My father pressed on my arm to intimate, with a cavernous significance of eyebrow, that Captain DeWitt had the gift of repartee in perfection.

'Jorian,' said he, 'will you wager our editor declines to dine with us?'

The answer struck me as only passable. I think it was:

'When rats smell death in toasted cheese.'

Captain DeWitt sprang up the staircase of our hotel to his bedroom.

'I should not have forced him,' my father mused. 'Jorian DeWitt has at times brilliant genius, Richie—in the way of rejoinders, I mean. This is his happy moment—his one hour's dressing for dinner. I have watched him; he most thoroughly enjoys it! I am myself a quick or slow dresser, as the case may be. But to watch Jorian you cannot help entering into his enjoyment of it. He will have his window with a view of the sunset; there is his fire, his warmed linen, and his shirt-studs; his bath, his choice of a dozen things he will or will not wear; the landlord's or host's menu is up against the looking-glass, and the extremely handsome miniature likeness of his wife, who is in the madhouse, by a celebrated painter, I forget his name. Jorian calls this, new birth—you catch his idea? He throws off the old and is on with the new with a highly hopeful anticipation. His valet is a scoundrel, but never fails in extracting the menu from the cook, wherever he may be, and, in fine, is too attentive to the hour's devotion to be discarded! Poor Jorian. I know no man I pity so much.'

I conceived him, I confessed, hardly pitiable, though not enviable.

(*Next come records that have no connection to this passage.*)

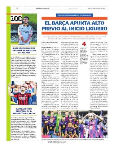 tar al Milan. ● El Barcelona ganó su trofeo Joan Gamper, con doblete de Lamine Yamal, quien es el estandarte blaugrana
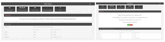 We developed our own software to implement the games. The left panel of Figure 1 is a screenshot of the proposal stage, and on this screen the available information includes the agent’s power, other agents’ power and their order of proposal, the current turn, the proposed coalition, the pot, the coalitions available for proposal (i.e., those with sufficient power to win), and the corresponding payoffs of each agent in any potentially proposed coalition (if the proposed coalition becomes the ultimate ruling coalition). The randomly chosen agent then must propose one coalition to the other agents in the game.
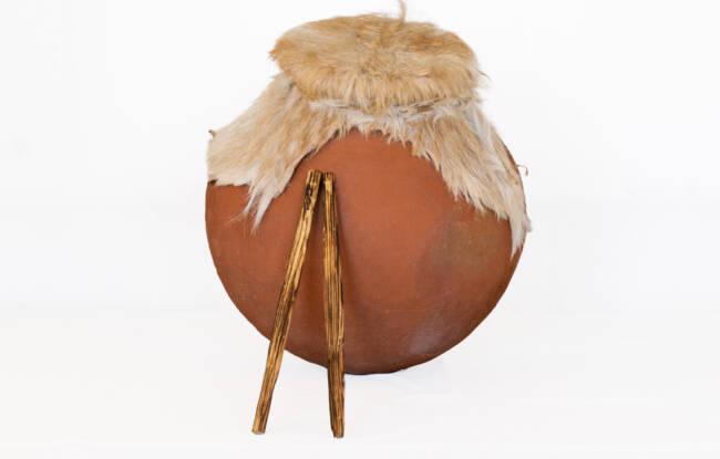 Matière : Bois de savane, Peau de buffle, Boyaux de chèvre
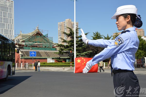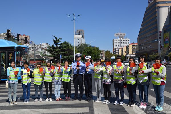國慶節(jié)將迎來交通高峰,煙臺大學(xué)文經(jīng)學(xué)院的交通志愿者們與交警一大隊(duì)民警手拿小國旗,共同為祖國點(diǎn)贊。
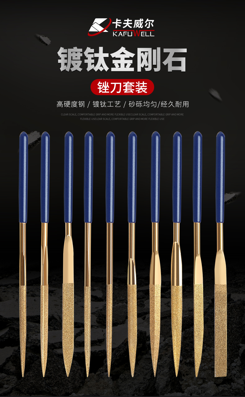 - 商品名称:卡夫威尔 镀钛金刚石锉刀10件套装扁平圆形扁锉柳叶刀型半月三角四方椭圆3*140mm混合装 FC3432
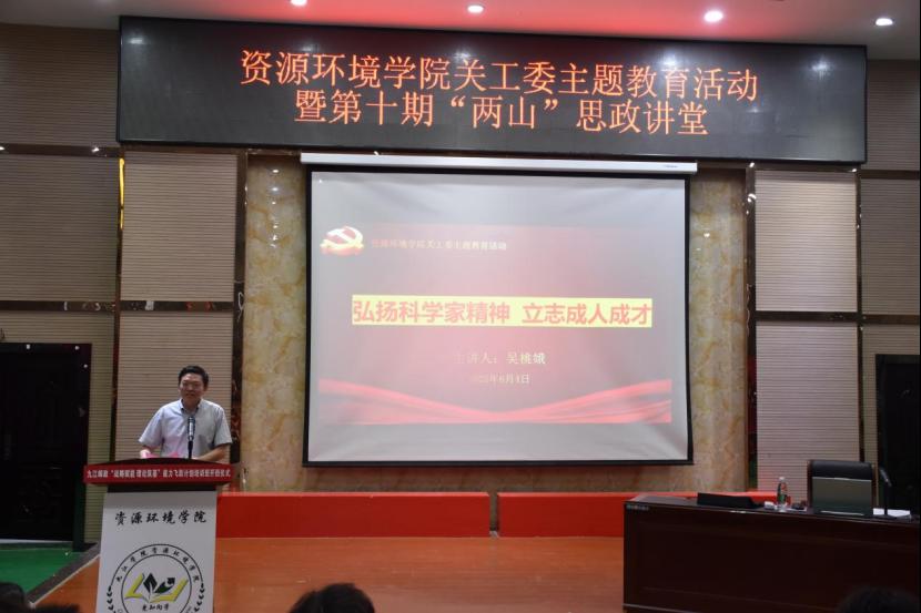 为深入贯彻落实“五老”在教育引导与青年关爱保护中的重要作用,进一步落实立德树人根本任务,助力青年大学生成长成才,6月4日晚,九游体育官方网站关工委执行主任、原副校长吴桃娥应邀出席九游体育官方网站关工委主题教育活动暨第十期“两山”思政讲堂活动。九游体育官方网站领导、教师及学生代表共400余人参加了此次活动,活动由学院党委书记徐常龙主持,现场气氛热烈而浓厚。
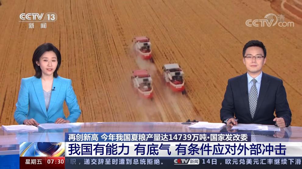 央視網消息:在國家發展改革委7月14日召開的經濟吹風會上,國家發展改革委經貿司有關負責人表示,當前我國糧食安全形勢較好,有能力、有底氣、有條件應對外部沖擊,端穩端牢“中國飯碗”。

'He has but six hundred a year, and a passion for Burgundy,' said my father.

We were four at table. The editor came, and his timidity soon wore off in the warmth of hospitality. He appeared a kind exciteable little man, glad of his dinner from the first, and in due time proud of his entertainer. His response to the toast of the Fourth Estate was an apology for its behaviour to my father. He regretted it; he regretted it. A vinous speech.

My father heard him out. Addressing him subsequently,

'I would not interrupt you in the delivery of your sentiments,' he said. 'I must, however, man to man, candidly tell you I should have wished to arrest your expressions of regret. They convey to my mind an idea, that on receipt of my letter of invitation, you attributed to me a design to corrupt you. Protest nothing, I beg. Editors are human, after all. Now, my object is, that as you write of me, you should have some knowledge of me; and I naturally am interested in one who does me so much honour. The facts of my life are at your disposal for publication and comment. Simply, I entreat you, say this one thing of me: I seek for justice, but I never complain of my fortunes. Providence decides:—that might be the motto engraven on my heart. Nay, I may risk declaring it is! In the end I shall be righted. Meanwhile you contribute to my happiness by favouring me with your society.'

'Ah, sir,' replied the little man, 'were all our great people like you!

In the country—the provinces—they treat the representatives of the Fourth Estate as the squires a couple of generations back used to treat the parsons.'

'What! Have you got a place at their tables?' inquired Captain DeWitt.

'No, I cannot say that—not even below the salt. Mr. Richmond—Mr. Roy, you may not be aware of it: I am the proprietor of the opposition journals in this county. I tell you in confidence, one by itself would not pay; and I am a printer, sir, and it is on my conscience to tell you I have, in the course of business, been compelled this very morning to receive orders for the printing of various squibs and, I much fear, scurrilous things.'

My father pacified him.

'You will do your duty to your family, Mr. Hickson.'

Deeply moved, the little man pulled out proof-sheets and slips.

'Even now, at the eleventh hour,' he urged, 'there is time to correct any glaring falsehoods, insults, what not!'

My father accepted the copy of proofs.

'Not a word,—not a line! You spoke of the eleventh hour, Mr. Hickson.

If we are at all near the eleventh, I must be on my way to make my bow to

Lady Wilts; or is it Lady Denewdney's to-night? No, to-morrow night.'

A light of satisfaction came over Mr. Hickson's face at the mention of my father's visiting both these sovereign ladies.

As soon as we were rid of him, Captain DeWitt exclaimed,

'If that's the Fourth Estate, what's the Realm?'

'The Estate,' pleaded my father, 'is here in its infancy—on all fours—'

'Prehensile! Egad, it has the vices of the other three besides its own.

Do you mean that by putting it on all fours?'

'Jorian, I have noticed that when you are malignant you are not witty. We have to thank the man for not subjecting us to a pledge of secresy. My Lady Wilts will find the proofs amusing. And mark, I do not examine their contents before submitting them to her inspection. You will testify to the fact.'

I was unaware that my father played a master-stroke in handing these proof-sheets publicly to Lady Wilts for her perusal. The incident of the evening was the display of her character shown by Miss Penrhys in positively declining to quit the house until she likewise had cast her eye on them. One of her aunts wept. Their carriage was kept waiting an hour.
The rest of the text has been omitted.